On 15 August, Nygård visited Gudbrandsdalen following the collapse of the Tretten Bridge. While visiting the site of the collapse, he said: "A bridge collapse like this is a significant event, as we cannot currently understand why it has happened and in that sense it is quite worrying". He also called for an external investigation of the collapse and an inspection of other wooden bridges. Aud M. Riseng, Innlandet county's chief of transport, assured that they would be inspecting other wooden bridges, but not necessarily close them unless necessary.

On 9 September, Nygård confirmed that he would take the initiative to seek an evaluation of the possibility of merging Vy and Flytoget. He argued that the initiative was in line with the Hurdal platform, which sought to evaluate whether or not Norway should have one or two state owned rail companies.

On 27 September, Nygård expressed that the National Transport Plan (NTP, nasjonal transportplan) would be unrealistic, and that planned transport projects would be put on hold. He didn't specify which projects would be affected, as this would be revealed in the state budget for 2023.

On 19 November, Governing Mayor of Oslo Raymond Johansen and City Commissioner Sirin Stav called on the government to scrap several road projects around the capital, including transforming some streets into "environmental streets". In response, Nygård stated that the professional services would be imposed to include climate measures as a criterion. He also emphasised how much is being done to make the Norwegian transport sector as environmentally friendly as possible.
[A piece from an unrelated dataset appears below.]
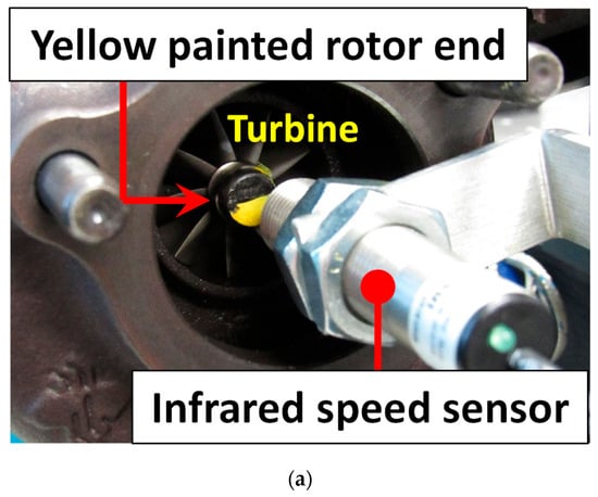 Figure 3 illustrates the two key sensors used for data acquisition. An IR speed sensor (Figure 3a) measures rotor speed by detecting a reflective yellow-painted mark on the turbine wheel, generating one pulse per revolution. A triaxial accelerometer (Figure 3b) is mounted directly on the bearing housing and measures vibrational acceleration in the vertical, axial, and horizontal directions.

On 13 December, Nygård and foreign minister Anniken Huitfeldt announced that Norway would be donating bridge parts to Ukraine to help the country rebuild its infrastructure. He stated: "We know that these bridges will help Ukraine, while this does not weaken our own bridge readiness. The war in Ukraine requires Europe to stand together. We want to contribute when we are asked, with what Norway has the expertise and capacity for".

====2023====
In early January 2023, following a meeting with the Norwegian Railway Directorate, the Railway Authority and Bane NOR, Nygård announced that he saw the need for an investigation into the incident at the opening of the Follo Line. He also expressed that some of the information he was told in the meeting was "concerning". However, a few days later, Aftenposten revealed that Nygård had been informed about the incident on 23 December by Bane NOR despite him publicly saying otherwise. The opposition criticised Nygård's actions, with the Progress Party accusing him of misinformation. The Socialist Left Party said that the matter seemed to become "a bigger and bigger scandal". Nygård responded saying that Bane NOR had clarified that they had been uncertain about the cause of the incident on 27 December, but had narrowed it down to being the heating developments. In March, Aftenposten revealed that Nygård had given a secret instruction to the Railway Directorate, asking them to allow Vy to be offered one of two railway stretches being negotiated. In effect, this blocked Flytoget from giving an offer to run both stretches to compete with Vy. The opposition parties accused Nygård of having given limited negotiation powers to the Railway Directorate and that the government as a whole, had little regard for passengers.

Appearing before the Storting in June, Nygård expressed his disagreement with the Norwegian Public Roads Administration's findings that multiple road projects in Hordaland would be less socially beneficial to reach the climate goals. One of their findings included raising the fuel costs to 50kr per litre, which Nygård argued would not be relevant. He also emphasised that more views would be needed to estimate how the future would look like should emissions be cut drastically to reach Norway's climate goals.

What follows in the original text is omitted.